WORK ORDER: Would you please retype, exactly, the lines of the listing below between the line with "36-летняя Ирина Шейк" and the line with "Нож ИП Семин", inclusive?

EXTRACTED ENTRIES:
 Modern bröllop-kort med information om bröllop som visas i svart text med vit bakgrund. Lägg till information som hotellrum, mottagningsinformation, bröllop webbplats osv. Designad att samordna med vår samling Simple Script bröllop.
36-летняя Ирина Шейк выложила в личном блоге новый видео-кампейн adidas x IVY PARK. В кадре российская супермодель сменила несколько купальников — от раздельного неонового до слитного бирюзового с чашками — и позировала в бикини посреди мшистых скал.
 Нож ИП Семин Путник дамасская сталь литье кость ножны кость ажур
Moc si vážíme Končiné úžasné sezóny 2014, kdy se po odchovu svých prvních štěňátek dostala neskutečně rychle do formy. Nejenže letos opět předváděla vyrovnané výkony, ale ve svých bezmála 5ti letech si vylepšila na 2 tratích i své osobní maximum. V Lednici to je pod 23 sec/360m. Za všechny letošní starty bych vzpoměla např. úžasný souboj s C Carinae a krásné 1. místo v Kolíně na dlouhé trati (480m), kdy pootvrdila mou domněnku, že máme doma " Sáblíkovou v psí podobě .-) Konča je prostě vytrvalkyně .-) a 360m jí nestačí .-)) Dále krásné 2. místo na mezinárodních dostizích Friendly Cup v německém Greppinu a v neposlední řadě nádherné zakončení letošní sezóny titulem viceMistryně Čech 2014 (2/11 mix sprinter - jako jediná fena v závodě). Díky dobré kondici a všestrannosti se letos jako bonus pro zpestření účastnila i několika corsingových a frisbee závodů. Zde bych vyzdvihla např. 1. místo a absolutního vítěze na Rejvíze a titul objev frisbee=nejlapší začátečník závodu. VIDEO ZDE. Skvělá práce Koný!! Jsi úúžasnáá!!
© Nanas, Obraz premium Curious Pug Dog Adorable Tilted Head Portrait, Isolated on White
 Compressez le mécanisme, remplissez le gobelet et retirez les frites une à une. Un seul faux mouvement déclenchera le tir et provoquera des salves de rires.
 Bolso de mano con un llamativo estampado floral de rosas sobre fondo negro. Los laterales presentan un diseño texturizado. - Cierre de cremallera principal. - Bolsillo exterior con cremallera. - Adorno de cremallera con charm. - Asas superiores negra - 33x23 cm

* * *

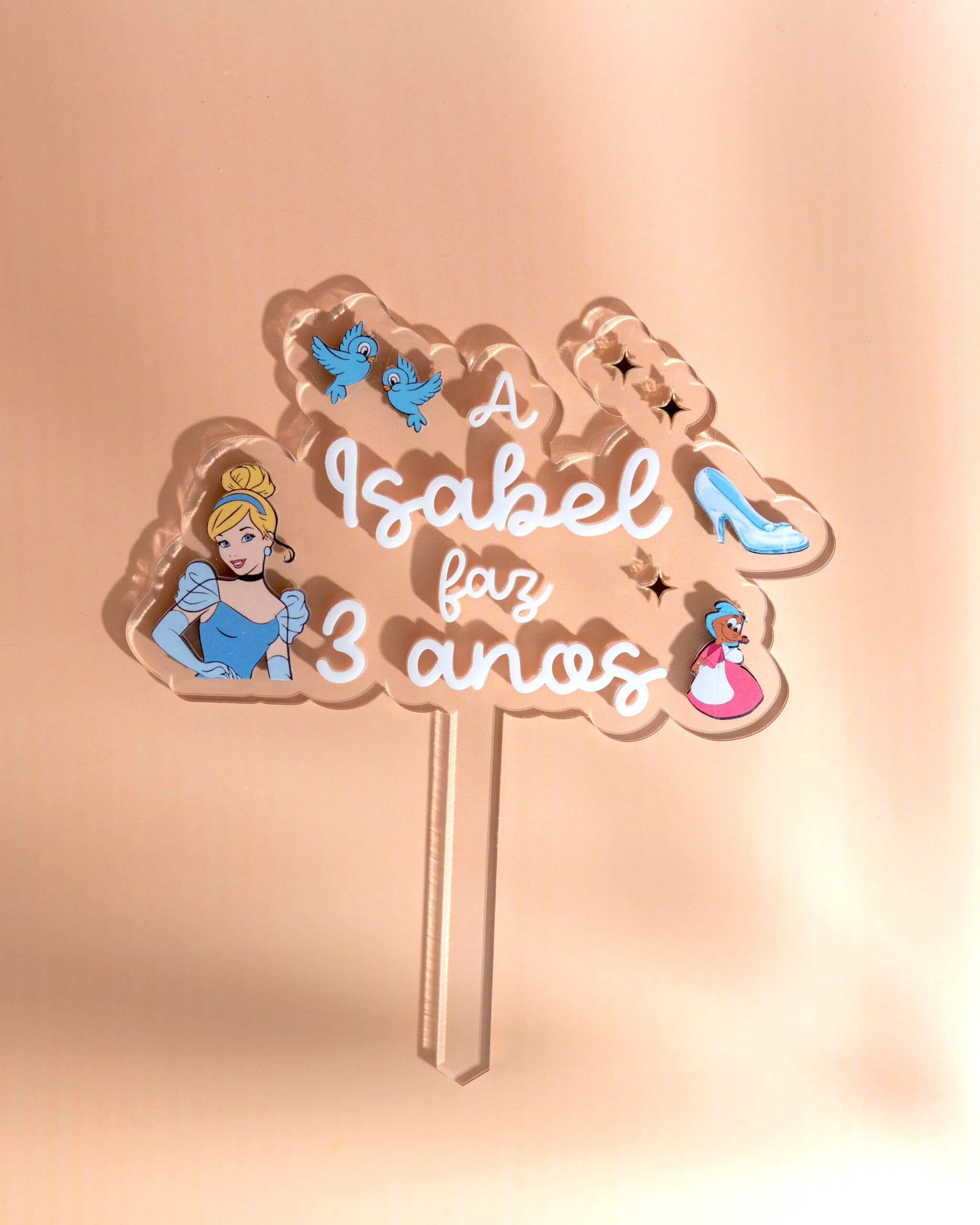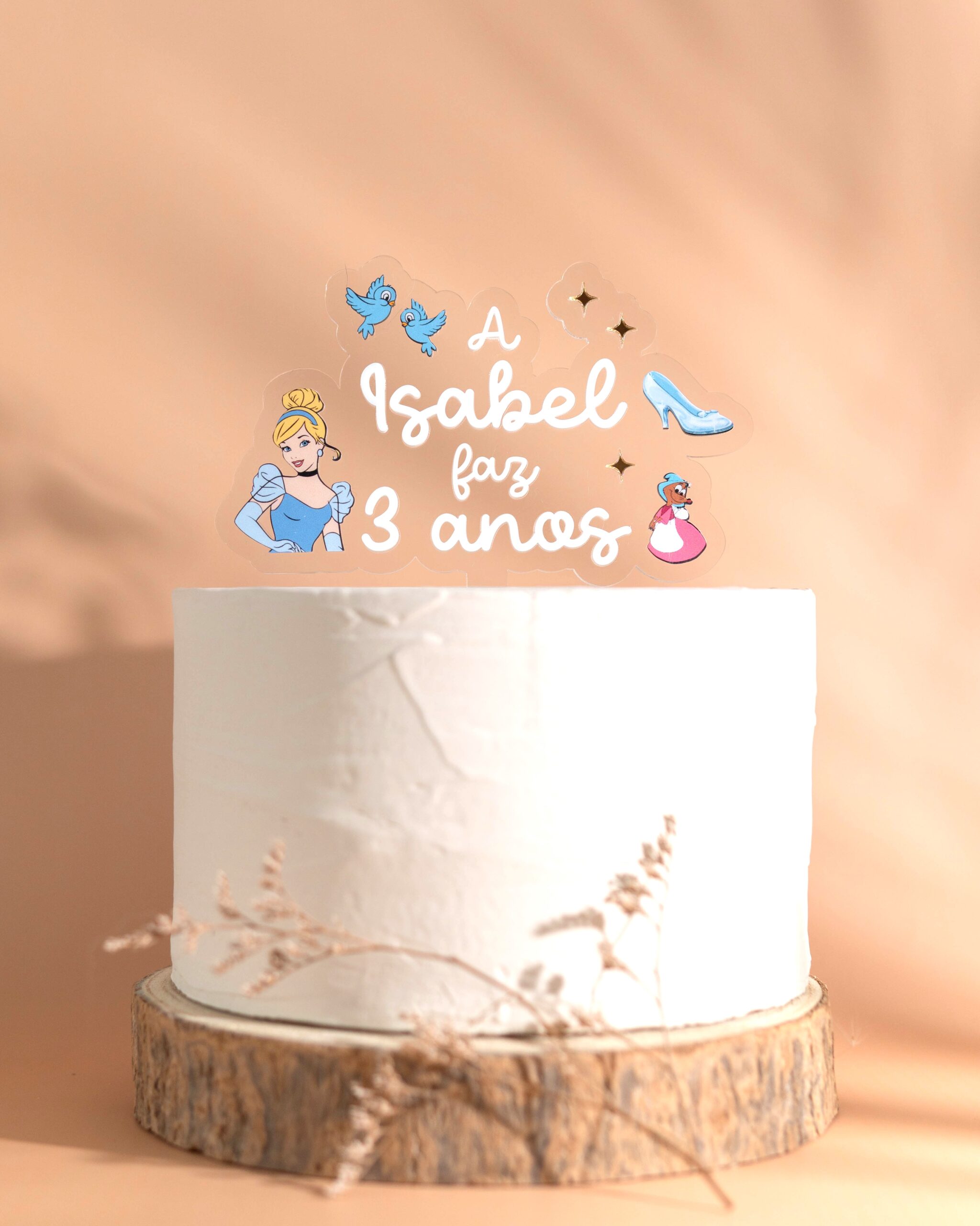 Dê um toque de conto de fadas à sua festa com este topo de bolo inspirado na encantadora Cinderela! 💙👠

RESPONSE BOX:
36-летняя Ирина Шейк выложила в личном блоге новый видео-кампейн adidas x IVY PARK. В кадре российская супермодель сменила несколько купальников — от раздельного неонового до слитного бирюзового с чашками — и позировала в бикини посреди мшистых скал.
 Нож ИП Семин Путник дамасская сталь литье кость ножны кость ажур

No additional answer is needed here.